The Paleo Digitization Working Group held a virtual workshop, Georeferencing for Paleo: Refreshing the approach to fossil localities, on April 28-29, 2020 with 52 participants based at 29 institutions. These participants represented a mix of institutions (museums, university collections, and agencies) as well as careers (collections professionals, researchers, informatics professionals) and experience with digitization under ADBC funding (40% of participants having never been involved with a TCN). We also had a range of georeferencing experience, with 30% of participants representing collections that began georeferencing prior to 2010, and another 30% representing collections that have yet to begin georeferencing.

Screenshot of our virtual workshop participants, including work-from-home companions.
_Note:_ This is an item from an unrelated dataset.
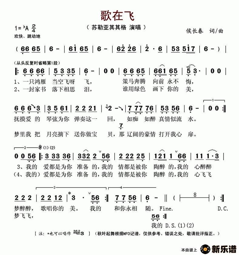 苏勒亚其其格演唱的歌在飞歌词,歌在飞最新曲谱.
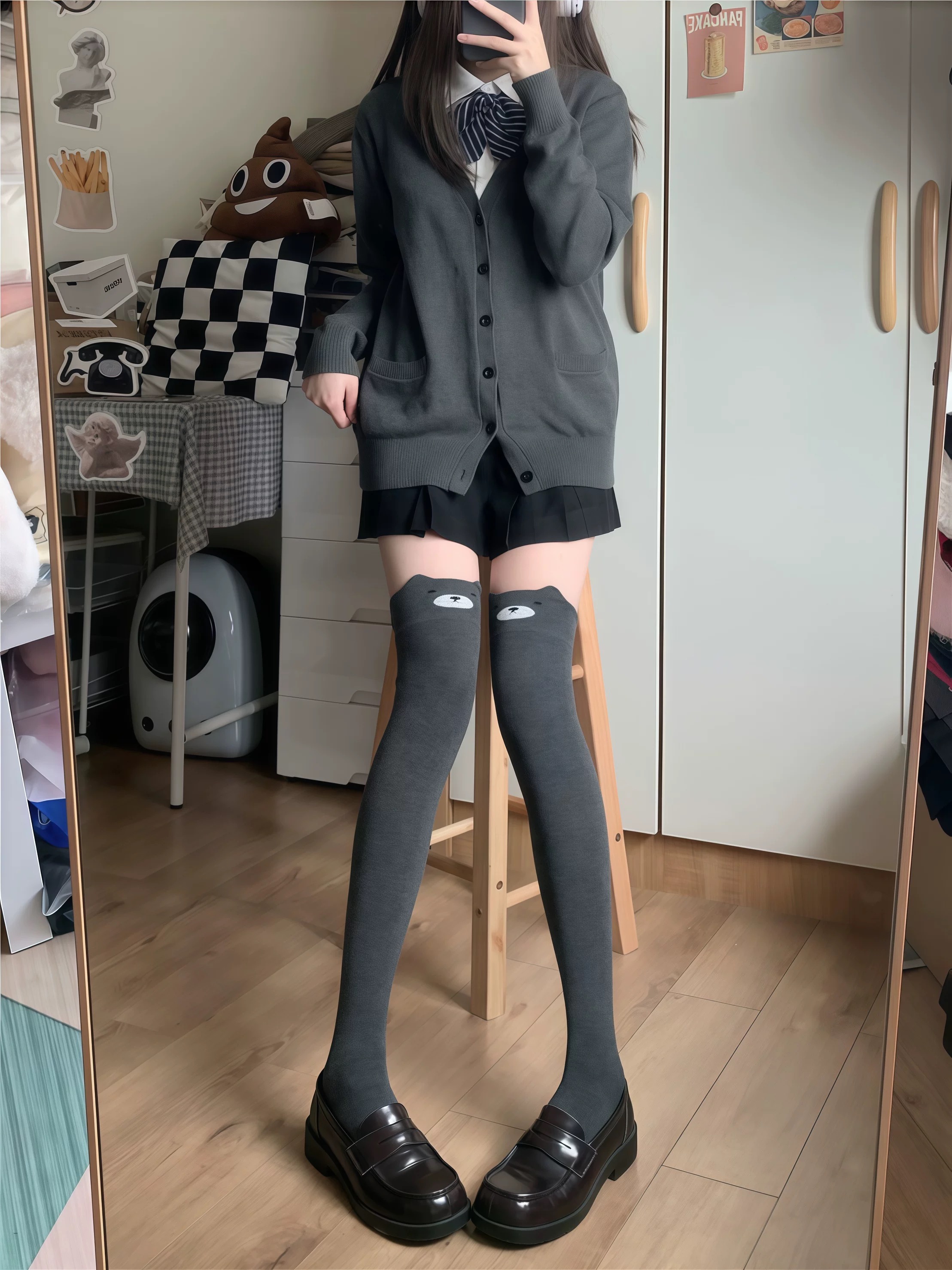 JK过膝袜可爱猫咪灰色长筒袜春秋少女卡通Lolita显瘦大腿袜洛丽塔

The original impetus for the workshop was the recognition that a significant amount of digitization work remains to be done and that georeferencing is one of the next big roadblocks, both within the United States and for our colleagues around the world. Across all collection types, there are major issues with the quality of georeference data currently available on biodiversity data aggregators such as iDigBio and GBIF. For paleo collections, there are additional issues related to applying existing georeferencing workflows in the paleontological context, as well as to sharing georeference data publicly. We identified three broad goals for a workshop related to these issues:

  1. Address the lack and poor quality of specimen georeference data shared on biodiversity aggregators, e.g. the iDigBio Portal or GBIF, by determining recommendations for the paleo collections community on best practices and workflows for generating and sharing this data.
  2. Identify technical barriers to implementing these recommendations and discuss a strategy for communicating them to standards organizations, aggregators, collection management software solutions, and georeferencing software tools.
  3. Disseminate the findings of this workshop widely, both within the paleo collections community (including to collectors) and as a resource discoverable by other domains. Findings will include a “toolkit” to share the recommendations on best practices and workflows determined by this workshop.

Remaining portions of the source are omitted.